Teri Vance: Making sense of love on Valentine’s Day
This Valentine’s Day is different for me than any other. It’ll be the first one I spend married.
And it comes at a time I’ve already been thinking a lot about love and how it works. Really, what I’ve concluded is the one word isn’t sufficient for all the things love is.
Because love is that mysterious, magical thing that comes into your life and makes everything blurry in a good kind of way. It softens the edges of a world that can otherwise seem to harsh a lot of the time.
But it’s also the thing that endures when someone cleans the entire kitchen and the other one walks in and says, “Oh, I see you started the dishwasher, but left one glass still in the sink. That’s nice.” (I’m not admitting to saying those words Thursday night).
There are many kinds of love, and I was always quick to make that point when people felt sorry for me as a spinster. I never felt lacking for love, it’s everywhere and offered up so freely by family and friends.
Still, there’s something completely unique about being in a real partnership with one you love. In dating relationships, I always found myself in situations — or sought them out intentionally — where we could go days or even weeks without seeing each other.
So the time we spent together was usually an adventure, all fun, little conflict.

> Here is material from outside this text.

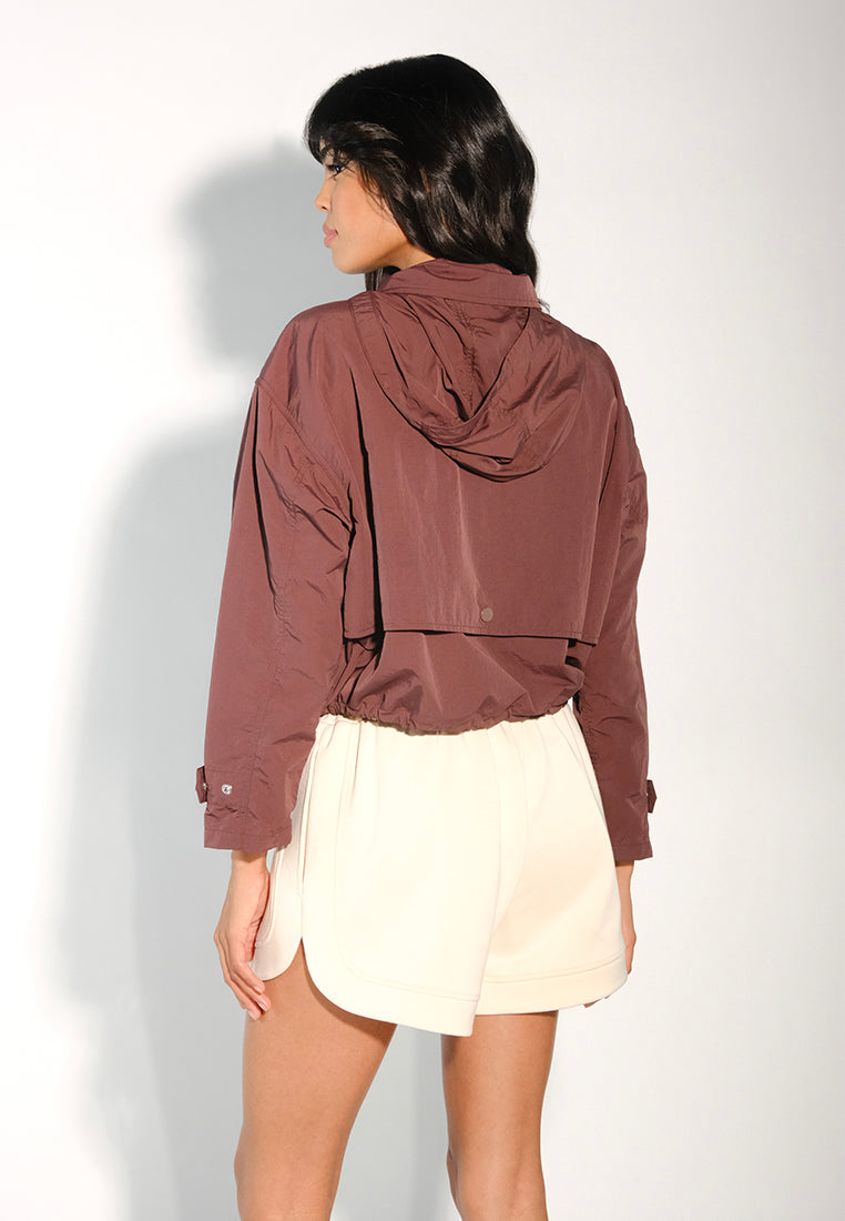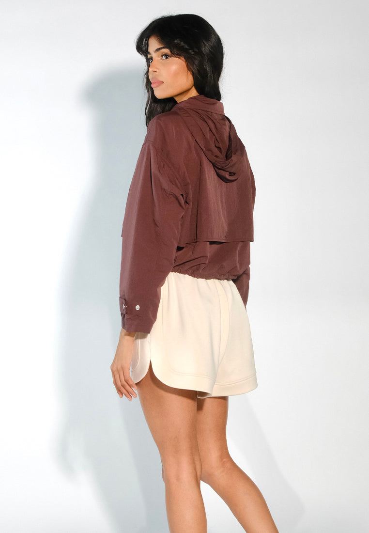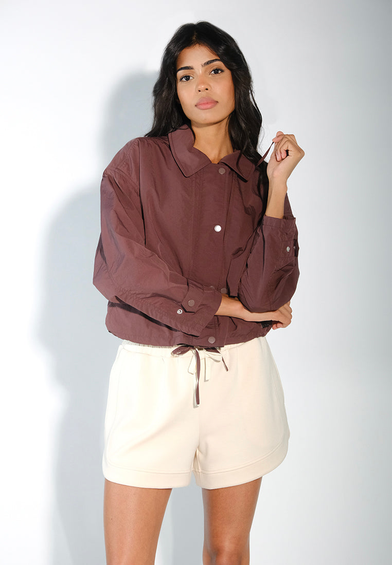Long-sleeve top in taffeta material with a front button closure, featuring side fabric panels from upper to lower chest, each secured with a button for added structure. Finished with an adjustable drawstring at the hem for a customizable, gathered fit.
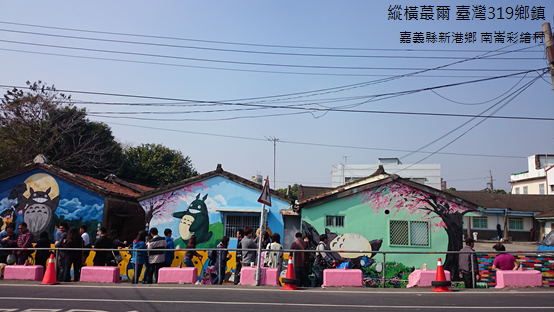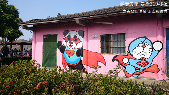 同樣是在民房上彩繪圖案,北崙村主要是將牆面、窗戶或是門廊塗上繽紛色彩,南崙村則是以「龍貓」為主題,讓街坊巷口到處都可以見到「龍貓」或是其他卡通圖案。登上河堤俯瞰,崙子橋上貨車運送時蔬熙來攘往,橋下遊人摩肩擦踵,各自有各自的收穫,各自有各自的富足。

That’s hard to do in a marriage. Adventure takes on a new meaning when you’re trying to unclog the shower together.
Going your separate ways for a week isn’t practical. Instead, you’re left to fight through your problems.
I know every couple has their own style for settling conflict. My husband and I both only know one way: Directly.
Well, my tendency in the past has been to be direct or avoid it all together. Usually, I chose to avoid. Until one day I couldn’t avoid it any longer, and that’s the day it was over.
So now we fight it out.
And from the fight, I’ve learned a lot about love. At first, it was scary to tell my truth, to expose my weaknesses. If he sees the real me, surely he won’t love me anymore. But as we’ve worked through each of our conflicts, I’ve found our vulnerabilities have strengthened us.
Real love endures the struggles, which are so small in comparison to the millions of magical moments. Just watching him walk through the front door after work is often enough to make my heart physically swell (or maybe it just figuratively does. I don’t know a lot about anatomy).